What are zooxanthellae and what is their effect on coral coloration?

We’ve probably all been through the burden of visitors coming over, pointing at a coral (mostly looking past all your exclusive unique corals, picking out the xenia or kenya tree) and saying the words “What kind of plant is that?”. As our reefer heart starts to boil a bit while we’re trying to explain that our beloved corals are not plants but animals, our visitors are actually not completely off the truth as our corals do have a close relationship with zooxanthellae.

But what are zooxanthellae and what is their effect on coral coloration? Let’s take a closer look.

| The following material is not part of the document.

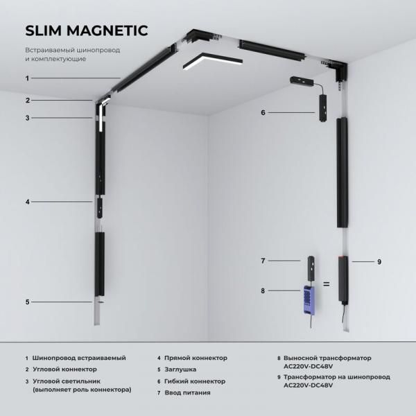 Slim Magnetic Коннектор угловой внутренний для встраиваемого шинопровода под ГКЛ 12,5мм (черный) 852
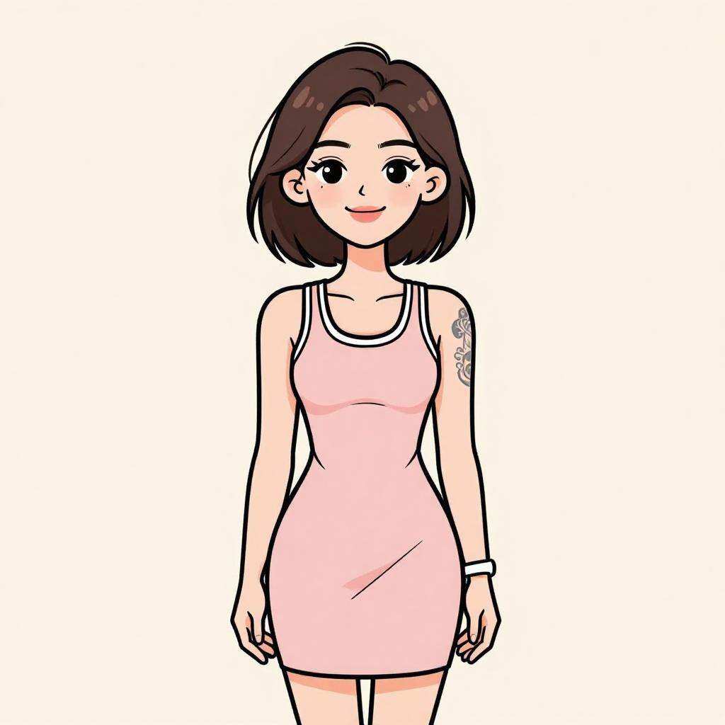 This digital drawing in a cartoon style depicts a young Asian woman with fair skin and short, dark brown hair. She has large, black eyes, a small nose, and a gentle smile. She wears a sleeveless, light pink dress that fits snugly, highlighting her slender figure. On her left upper arm, she has a detailed black tattoo. The background is plain white, emphasizing the character. The lines are bold and the colors are solid, typical of a clean, modern digital illustration. Her relaxed stance and simple expression convey a calm, approachable demeanor.

This article is a part of The Nano Reef Blueprint, if you’re interested to know more? Check it out, by clicking here.

zooxhanthellae

Photosynthesis is key

Zooxanthellae are, in short, photosynthetic algae, plant-like organisms that live in the tissue of corals (and other invertebrates). This symbiotic bond provides them with a safe environment and conditions necessary for photosynthesis. In return, the zooxanthellae provide the coral with much needed nutrients and food. If you ever wondered why your precious sps need good light conditions… 90% of organic material produced via photosynthesis (glucose, glycerol and amino acids) by the zooxanthellae are transferred to the coral tissue and this allows the coral to make fats, proteins, carbohydrates and calcium carbonate to boost growth and skeleton strengthening.

Coloration and bleaching

Another result of this symbiotic bond, is the coloration effect the zooxanthellae have on the coral. If you provide your corals (and zooxanthellae) with clear nutrient-poor water, it will boost photosynthesis productiveness and therefore provide stronger, healthier corals showcasing their unique and beautiful colors. If your water is very nutrient-rich with high nitrate and phosphate levels, chances are this will stimulate zooxanthellae growth, resulting in a brown coloring of corals. The same goes for low light conditions, where the number of zooxanthellae will increase to be able to deliver enough nutrients to the coral, also resulting in a brown color.

Instead of beautiful colors or brownish colors, there is a third visual effect caused by zooxanthellae ’s behaviour. In moments of stress, it can happen that corals expel their zooxanthellae. This is what is currently happening in for example the Great Barrier Reef… global warming has caused a continuous stream of water too warm for a healthy coral environment, resulting in coral bleaching.